Tonight, it's all things PMIs - the surveys that economists use to measure the state of activity around the world. 


Here's one take on all this central bank speak - and I suspect a lot of people will feel this exhausted especially after whole weeks that have been jammed by interest rate decisions


Talk about a blow-up! Cryptocurrency assets have experienced an unprecedented rise to the top of many a trader and investors' watchlists. But whatever goes up must come down eventually. In Australian dollar terms, the world's largest cryptocurrency is down 55%, and a slew of crises have certainly dented investors' confidence. This chart shows the rise and fall of the crypto bubble in comparison to other bubbles of the past. These include the US housing bubble which caused the Global Financial Crisis. Look at how small that bright green line is compared to the teal Bitcoin line! Perhaps most remarkable of all, this has all occurred before any concrete regulation in the world's major markets. (Source: BofA Global Research)


Today's stock to watch is Altium (ASX:ALU). It stems from a Morgan Stanley note around the global semiconductor chip crisis - a topic that we have talked about extensively here:

Are we at big tech's turning point?

Analysts Andrew McLeod and Chris Boulus give an interesting case for why Altium is a top pick to fight the chip shortage. While the supply chain issues are well-known, they think the market has missed how ALU is benefitting from the crisis thanks to greater demand for its products. 

It also helps that the company's share price is well below its own target valuation. The company gets an overweight rating with a healthy price target of $35.

Will this call end well? Altium's share price has taken quite the beating. (Source: Trading View)

Note: While ASX companies indirectly exposed to the semiconductor chip crisis are many, the actual number of players that deal with its challenges day-to-day is actually a very small number. ETF Securities has a SEMI ETF dedicated to the field but none of the semis or semi-equipment companies in Australia are larger than a small-cap.


Notwithstanding these efforts, your Administration has largely sought to criticize, and at times vilify, our industry. While today’s geopolitical situation is contributing to this energy crisis, bringing prices down and increasing supply will require a change in approach.
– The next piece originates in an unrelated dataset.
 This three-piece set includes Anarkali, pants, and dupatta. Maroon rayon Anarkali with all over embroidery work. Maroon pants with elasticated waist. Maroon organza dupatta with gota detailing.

The opinions of Mike Worth, Chevron CEO, have a lot of weight. This timely letter is addressed directly to the President of the United States. To me, it says a lot about how the conversation has shifted so far, so quickly from ESG to energy security by any means. Biden has been demanding oil producers increase supply. But how can you do that if the infrastructure isn't up to scratch or the labour isn't there? The story is an ever-evolving one.
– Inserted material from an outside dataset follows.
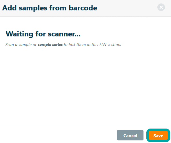 Improve efficiency by linking barcode labeled samples in the ELN with a barcode scanner. The Scan to ELN add-on adds the option to add samples to a sample section in the ELN using a barcode scanner. Activate the add-on and scan barcodes of samples or sample series to link them in the ELN sample sections. The add-on is also compatible with linked external barcodes to samples. You can download the free Scan to ELN add-on from our Marketplace.

Speaking of which - here's a great chart that I found on how oil prices seem to mimic the rise and fall of inflation in a weirdly beautiful way. Given we have midterm elections in America around the corner, this will be absolutely top of mind.
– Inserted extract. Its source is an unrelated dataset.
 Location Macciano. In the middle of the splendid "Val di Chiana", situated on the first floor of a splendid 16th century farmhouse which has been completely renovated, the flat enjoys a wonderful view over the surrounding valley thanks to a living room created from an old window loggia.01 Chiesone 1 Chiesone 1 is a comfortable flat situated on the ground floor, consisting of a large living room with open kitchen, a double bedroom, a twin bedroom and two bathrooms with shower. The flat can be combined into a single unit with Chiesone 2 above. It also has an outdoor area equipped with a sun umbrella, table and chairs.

So it's not the 1970s? Maybe or maybe not. But you also can't deny the correlation. At various events in the last half-century, the price of oil does have a way of correlating with the eventual pace of inflation. 


Warren Buffett’s Estate Planning Sends Charities Scrambling (WSJ): If you read yesterday's Trending on Livewire newsletter, you'll note that we made our Stats Incredible segment about Warren Buffett's charity lunch bids. Well - it's all part of how the billionaire investor promised to give away a massive bulk of his fortune. 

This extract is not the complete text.